To SMP or not to SMP
Barney Cordoba
barney_cordoba at yahoo.com
Thu Jan 10 01:38:47 UTC 2013
--- On Wed, 1/9/13, Barney Cordoba <barney_cordoba at yahoo.com> wrote:
> From: Barney Cordoba <barney_cordoba at yahoo.com>
> Subject: Re: To SMP or not to SMP
> To: "Mark Atkinson" <atkin901 at gmail.com>
> Cc: freebsd-net at freebsd.org
> Date: Wednesday, January 9, 2013, 1:08 PM
>
>
> --- On Tue, 1/8/13, Mark Atkinson <atkin901 at gmail.com>
> wrote:
>
> > From: Mark Atkinson <atkin901 at gmail.com>
> > Subject: Re: To SMP or not to SMP
> > To: freebsd-net at freebsd.org
> > Date: Tuesday, January 8, 2013, 11:29 AM
> > -----BEGIN PGP SIGNED MESSAGE-----
> > Hash: SHA1
> >
> > On 01/07/2013 18:25, Barney Cordoba wrote:
> > > I have a situation where I have to run 9.1 on an
> old
> > single core
> > > box. Does anyone have a handle on whether it's
> better
> > to build a
> > > non SMP kernel or to just use a standard SMP build
> with
> > just the
> > > one core? Thanks.
> >
> > You can build a SMP kernel, but you'll get better
> > performance (in my
> > experience) with SCHED_4BSD on single cpu than with
> ULE.
> >
>
> I've tested the 2 schedulers on an SMP kernel with 1 core. I
> don't have
> a 1 core system to test with so I'm using an E5520
> with 1 core enabled.
>
> Bridging a controlled test (curl-loader doing a web-load
> test with 100
> users that consistently generates 870Mb/s and 77Kpps, I see
> the following:
>
> top -SH
>
> ULE:
>
> idle: 74.85%
> kernel {em1 que} 17.68%
> kernel {em0 que} 5.86%
> httpd: .49%
>
> 4BSD:
>
> idle: 70.95%
> kernel {em1 que} 18.07%
> kernel {em0 que} 4.44%
> httpd: .93%
>
> Note that the https is a monitor I'm running.
>
> so it appears that theres 7% of usage missing (all other
> apps show 0%
> usage).
>
> If i had to guess just looking at the numbers, it seems that
> 4BSD might
> do better with the interrupt level stuff, and not as good
> with user
> level context switching. I think they're close enough to
> stick with ULE
> so I can just use a stock kernel.
>
> One thing that bothers me is the idle sits at 100% when
> other tasks are
> registering values under light loads, so it's certainly not
> all that
> accurate.
>
> BC
Ok, thanks to J Baldwin's tip I got a NON-SMP kernel running with some
interesting results. Here's all 4 tests:
I've tested the 2 schedulers on an SMP kernel with 1 core. I don't have
a 1 core system to test with so I'm using an E5520 with 1 core enabled.

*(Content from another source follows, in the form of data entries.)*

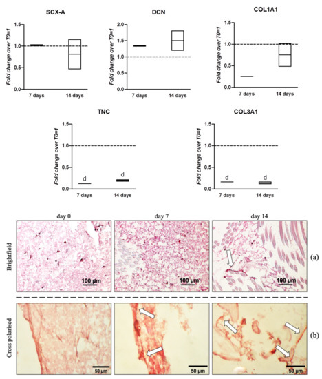 In the first experimental setting, hWJ-MSCs were seeded within the fibrin hydrogel of the scaffold and cultured, under dynamic conditions, in a medium supplemented with 100 ng/mL of hGDF-5 for up to 14 days. Samples were collected after 7 days and 14 days to monitor tenogenic marker expression. In these conditions, DCN displayed a slight and constant up-regulation of 1.4-fold at Day 7 and 1.5-fold at Day 14 (Figure 5). Histological characterization was obtained by staining with Sirius Red for collagen highlighting at Days 7 and 14 of culture (Figure 5a,b). A homogenous network of synthetic fibrin matrix at Day 0 was observed with cells internally immobilized.
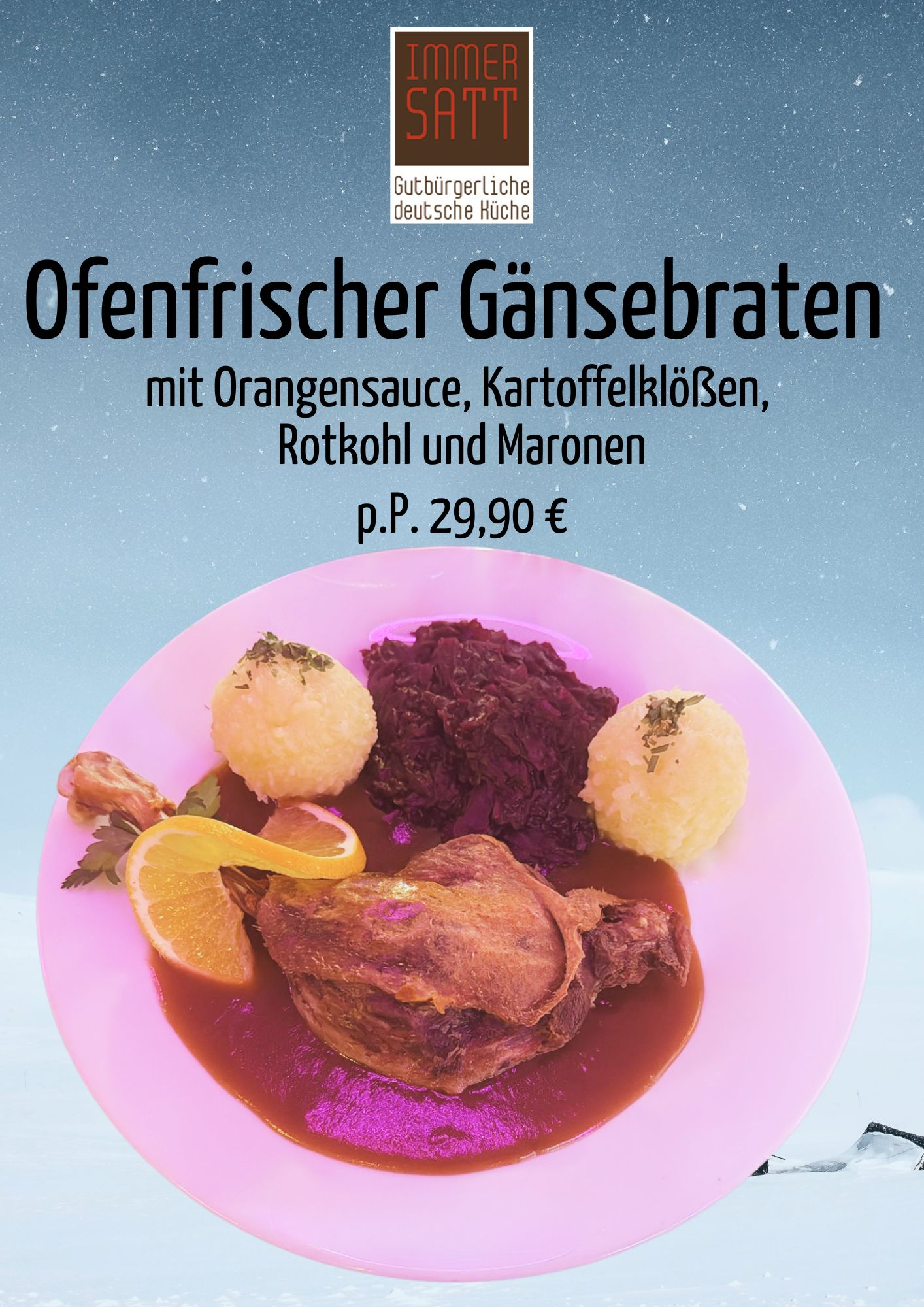 Über das Jahr hinweg erwarten die Gäste immer wieder kulinarische Highlights: vom privaten BBQ-Event im Sommer über Weihnachtsfeiern bis hin zum beliebten Candle-Light-Dinner an Silvester. Das „Immer Satt“ macht jeden Anlass zu etwas Besonderem. An Sonntagen bleibt das Restaurant regulär geschlossen – öffnet jedoch auf Anfrage für Gruppen ab 25 Personen ebenfalls gerne die Türen.
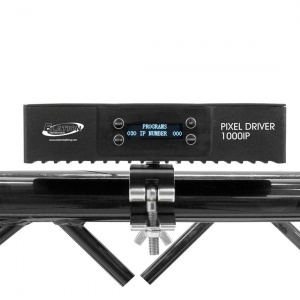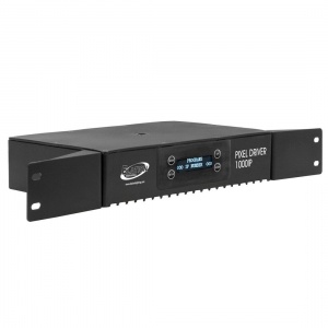 The Pixel Driver 1000IP features a rugged IP65 housing, universal auto switching power supply (100-240v), a 4-button LCD control menu display, RJ45 Ethernet in/out ports, and (4) outputs which use proprietary IP65 rated 4pin combo cables (sold separately) that supply power and data to each pixel bar, (available in lengths from 0.6 to 15 meters). The Pixel Driver 1000IP can be mounted in a standard 19-inch rack (rack ears included) or attached to truss with a clamp (not included).
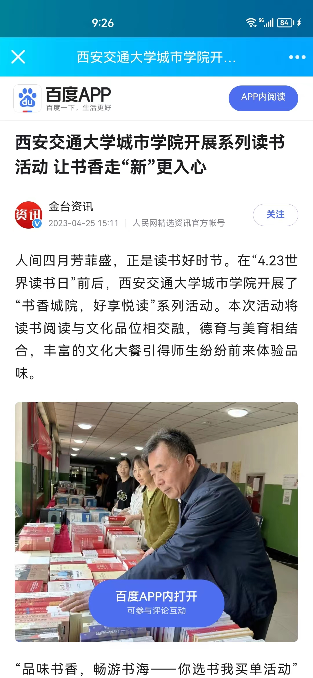 近日,人民网、金台资讯、新浪网对学院开展“书香节”系列活动进行了报道。内容如下:
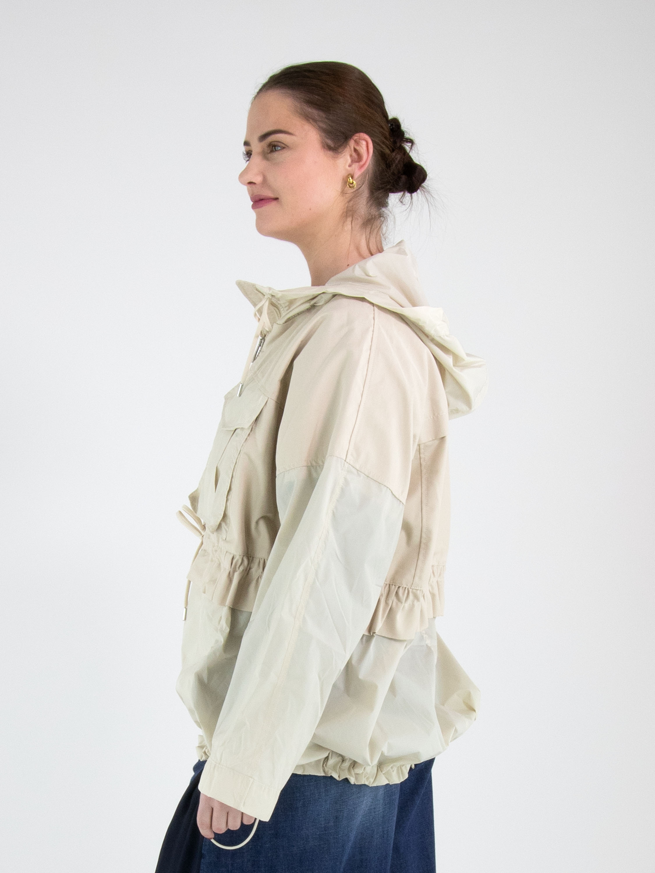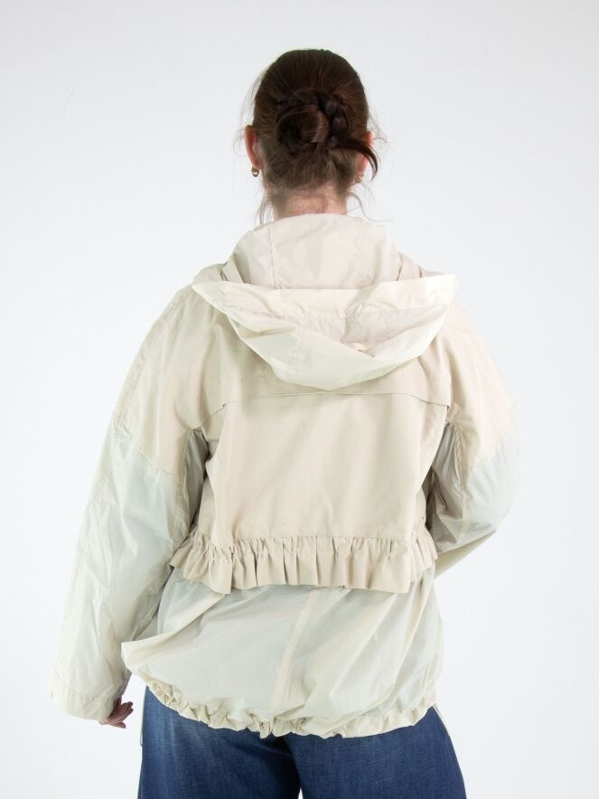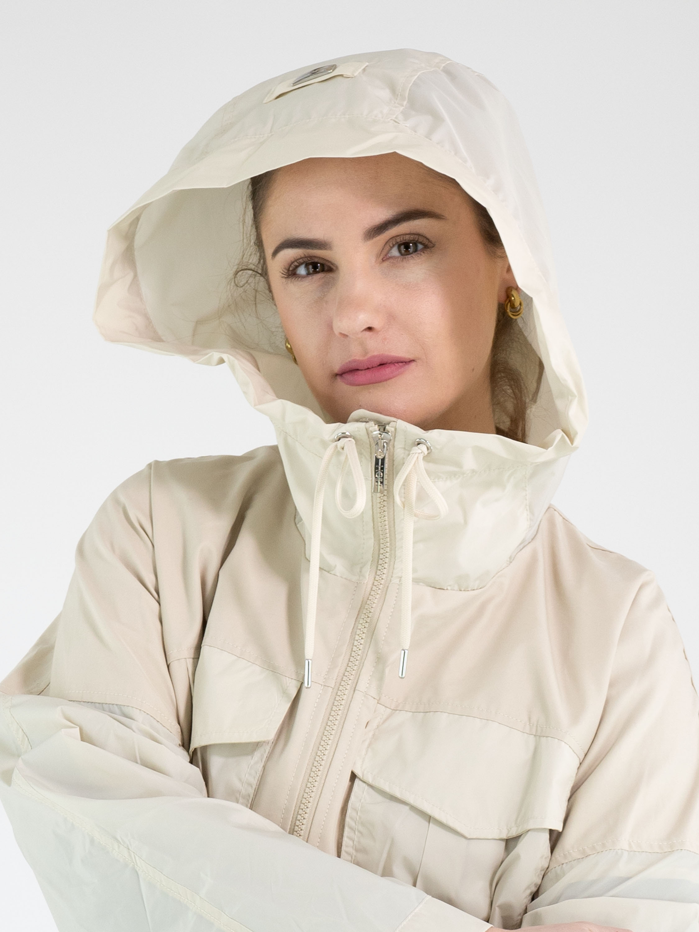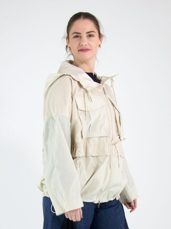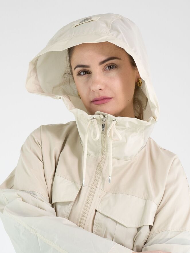Een coat van High in een beige kleur. In de rand van de capuchon is een koord in tunnelverwerking verwerkt, waarmee de capuchon kan worden aangetrokken. De coat heeft een ritssluiting en de steekzakken zijn eveneens voorzien van een ritssluiting. Ter hoogte van de taille en aan de onderkant loopt een stiknaad met een koord in tunnelverwerking, waarmee een plooieffect kan worden gecreëerd. De coat heeft borstzakken en mag niet worden gewassen.
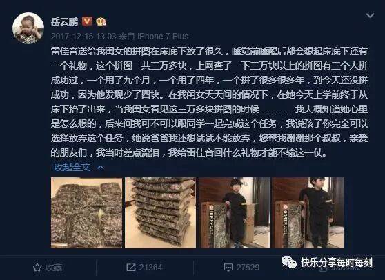 还记得一个多月前,岳云鹏发的一篇微博不?当时雷佳音送给小岳岳的女儿一件三万多块的拼图,据说只有三个人成功拼成功过……当时岳云鹏就表示回什么礼物才能不输这一仗?
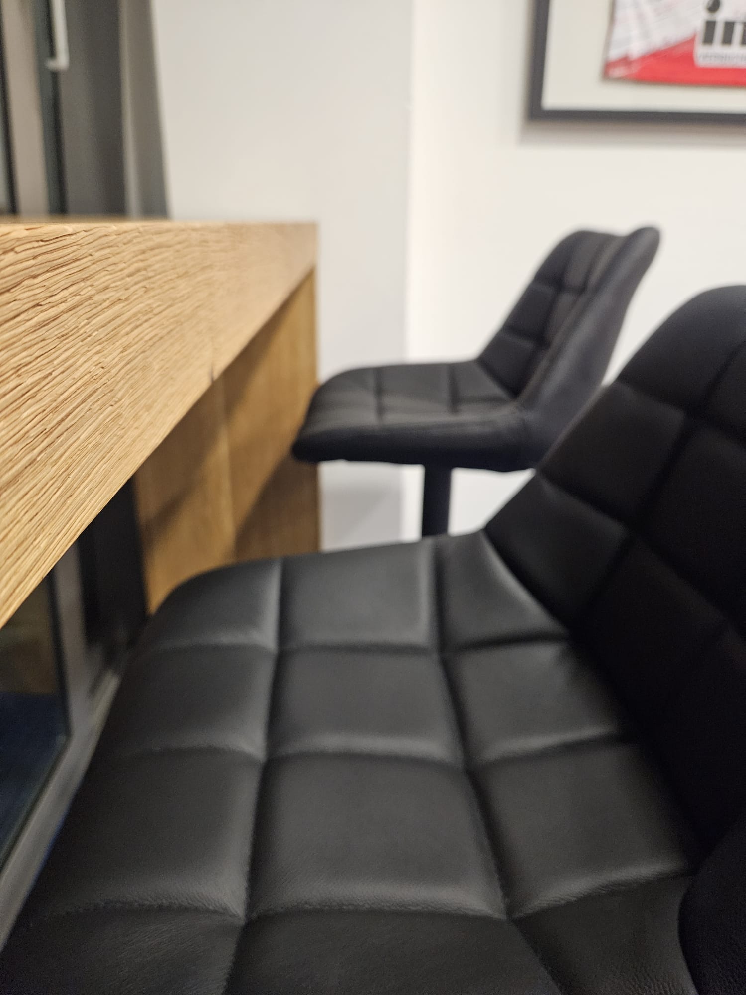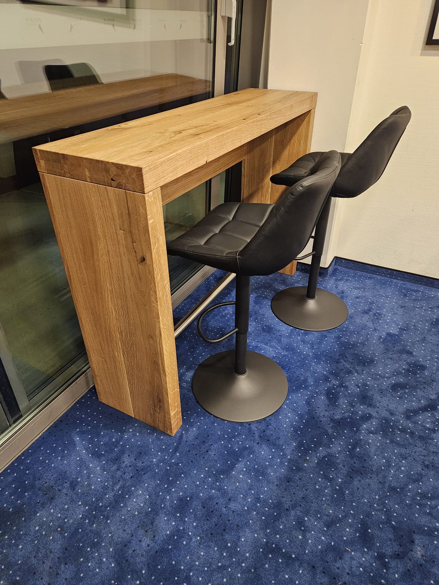 Ein zusätzlicher, kleinerer Thekentisch aus Asteiche ergänzt das Ensemble und kann flexibel im Raum oder am Fenster platziert werden. Die passenden Barhocker sind höhenverstellbar, drehbar und mit einer komfortablen Sitzschale aus schwarzem Leder ausgestattet – ideal auf die Tischhöhe abgestimmt.
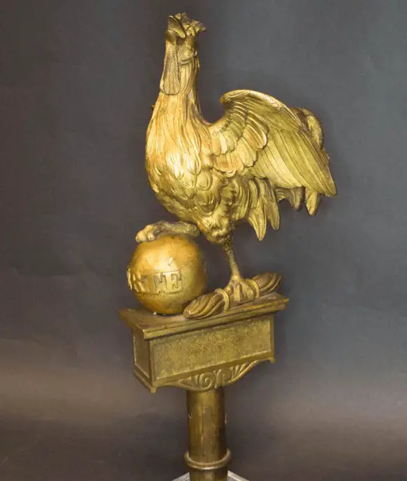 Durant l’Antiquité, le coq, auquel il est prêté des qualités de bravoure, de virilité et de vigilance, est un attribut de plusieurs dieux romains (Jupiter, Mars, Apollon ou Mercure).
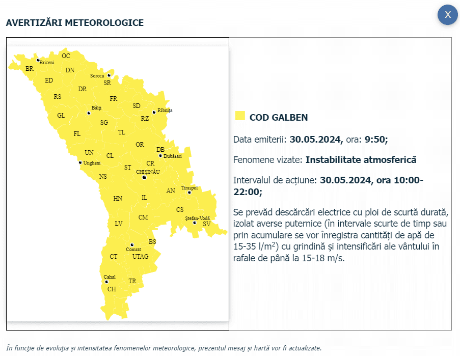 В Молдове снова объявили новый «желтый код». По данным Государственной гидромеослужбы, предупреждение действует до 22:00.
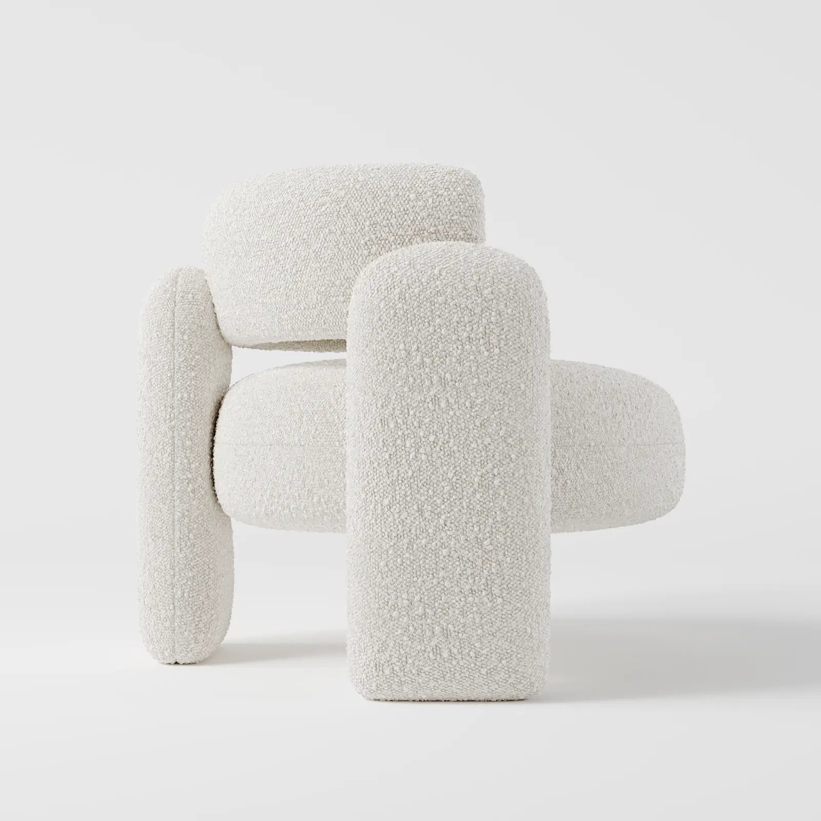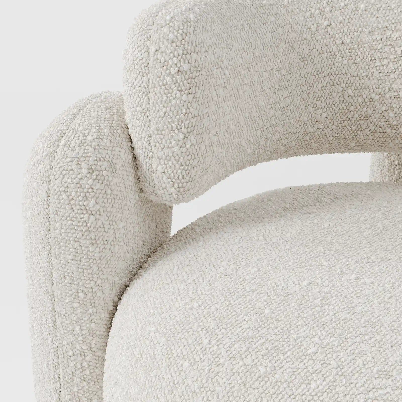 The Vortex Boucle Armchair embodies modern luxury, seamlessly blending style and comfort. Upholstered in premium white boucle fabric, its graceful curved arms and open-bottom design bring a sense of lightness and sophistication to any room. Supported by three sleek, floor-to-back legs, this chair features a striking architectural aesthetic that sets it apart as a statement piece.
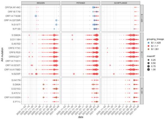 Additionally, sublineages were grouped to reduce complexity. Sequences not assigned to a “B” lineage were grouped to the first level (“A”, “C”, “P”), and all “B” sub-lineages except “B.1.1.X” were grouped (e.g., B.1.177.77 was grouped with B.1.177 and B.1.160.28 was grouped with B.1.160). In addition, for grouped lineages, unique signature mutations were determined and utilized as markers to compare allele frequencies. We focused on the most common lineages with sufficient representation in signature mutations (at least 3), in genome sequences from SARS-CoV-2 positive individuals in Luxembourg: B.1.1.420, B.1.1.7, B.1.160, B.1.177, B.1.221, B.1.258, B.1.351 and B.1.474.
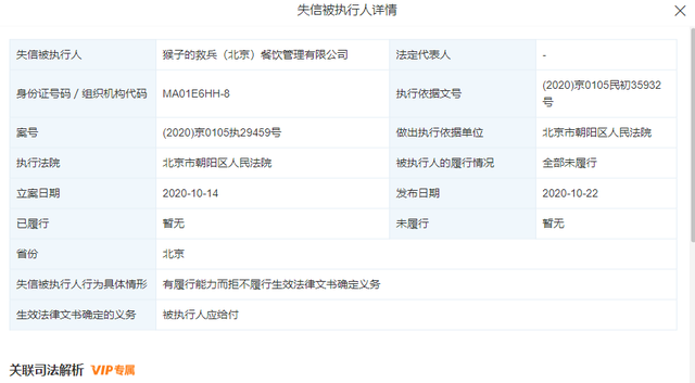 可惜好景不长。2020年10月,猴子的救兵成为失信被执行人。
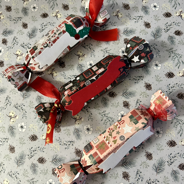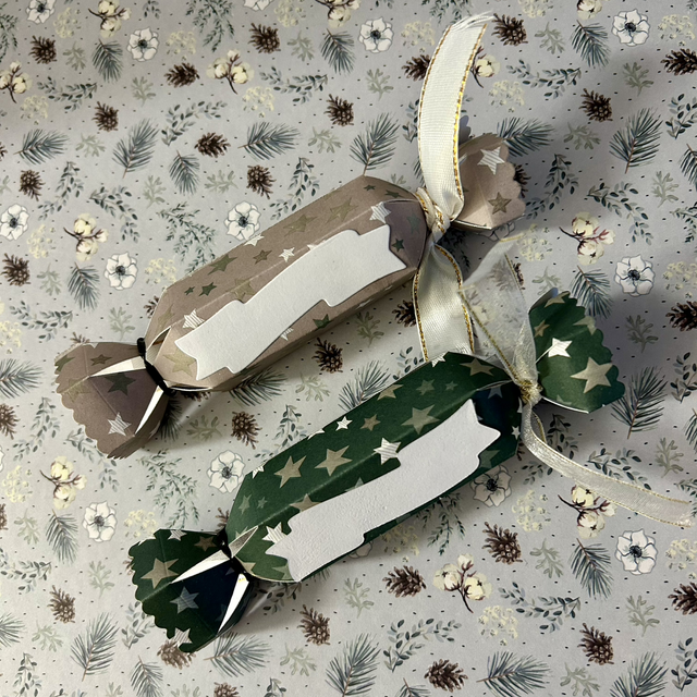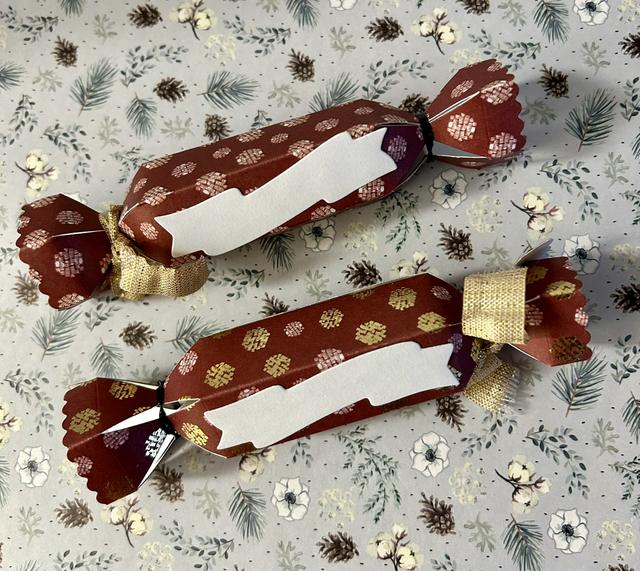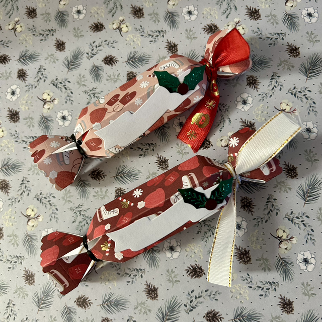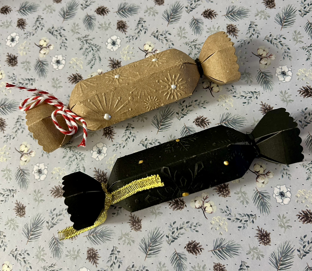Boîte en forme de bonbon, avec liens décoratifs, pour y cacher quelques petites sucreries ou billets ou mots doux...

Bridging a controlled test (curl-loader doing a web-load test with 100
users that consistently generates 870Mb/s and 77Kpps, I see the following:
top -SH
ULE (SMP):
idle: 74.85%
kernel {em1 que} 17.68%
kernel {em0 que} 5.86%
httpd: .49%
4BSD (SMP):
idle: 70.95%
kernel {em1 que} 18.07%
kernel {em0 que} 4.44%
httpd: .93%
4BSD (NON-SMP):
idle: 72.95%
kernel {em1 que} 15.04%
kernel {em0 que} 6.10%
httpd: 1.17%
ULE (NON-SMP):
idle: 76.17%
kernel {em1 que} 16.99%
kernel {em0 que} 5.18%
httpd: 1.66%
A kernel with SMP off seems to be a bit more efficient. A better test would
be to have more stuff running, but Im about out of time on this project.